→ How to complete this task
Given the records underneath, please repeat exactly the lines from the line with "Boutique Pullover Hood" through the line with "公司营业总收入为6.17亿元", passing over any picture.
-- Records for processing follows --
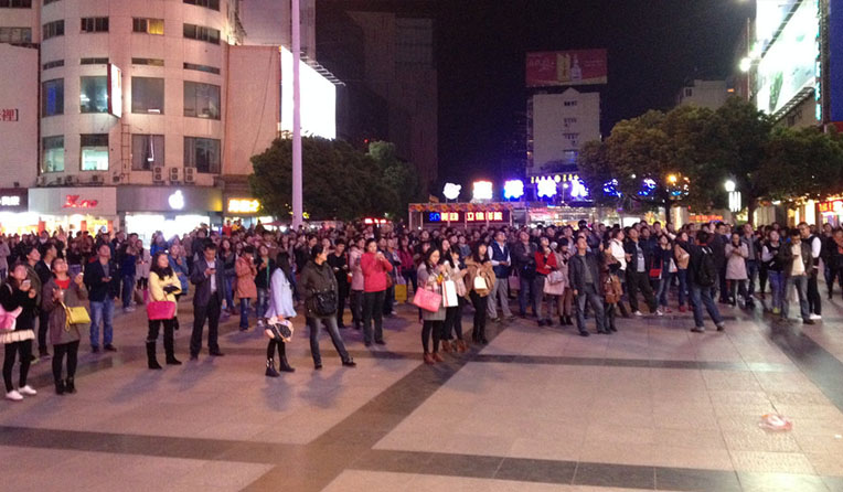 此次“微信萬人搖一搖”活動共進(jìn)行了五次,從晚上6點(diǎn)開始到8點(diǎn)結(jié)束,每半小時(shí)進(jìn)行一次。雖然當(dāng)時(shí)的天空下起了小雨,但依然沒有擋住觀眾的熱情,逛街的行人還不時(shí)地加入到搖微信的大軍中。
-- Records for processing concluded --
-- Records for processing follows --
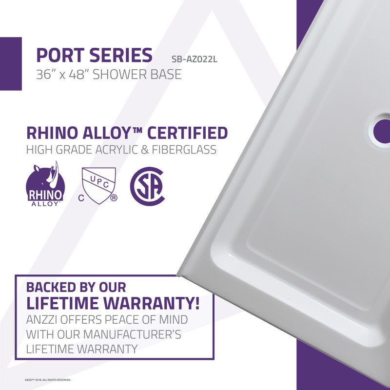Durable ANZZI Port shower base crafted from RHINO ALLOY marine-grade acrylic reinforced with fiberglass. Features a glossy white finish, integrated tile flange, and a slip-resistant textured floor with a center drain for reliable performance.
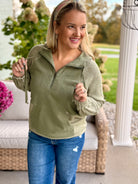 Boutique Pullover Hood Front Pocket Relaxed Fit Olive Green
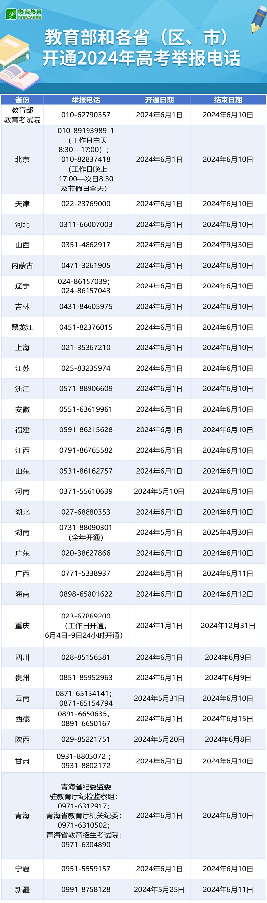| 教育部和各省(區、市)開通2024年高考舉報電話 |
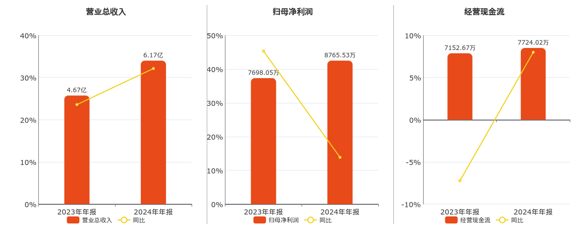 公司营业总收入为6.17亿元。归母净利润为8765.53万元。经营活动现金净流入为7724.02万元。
-- Records for processing concluded --
→ Answer to the exercise
 Boutique Pullover Hood Front Pocket Relaxed Fit Olive Green
| 教育部和各省(區、市)開通2024年高考舉報電話 |
 公司营业总收入为6.17亿元。归母净利润为8765.53万元。经营活动现金净流入为7724.02万元。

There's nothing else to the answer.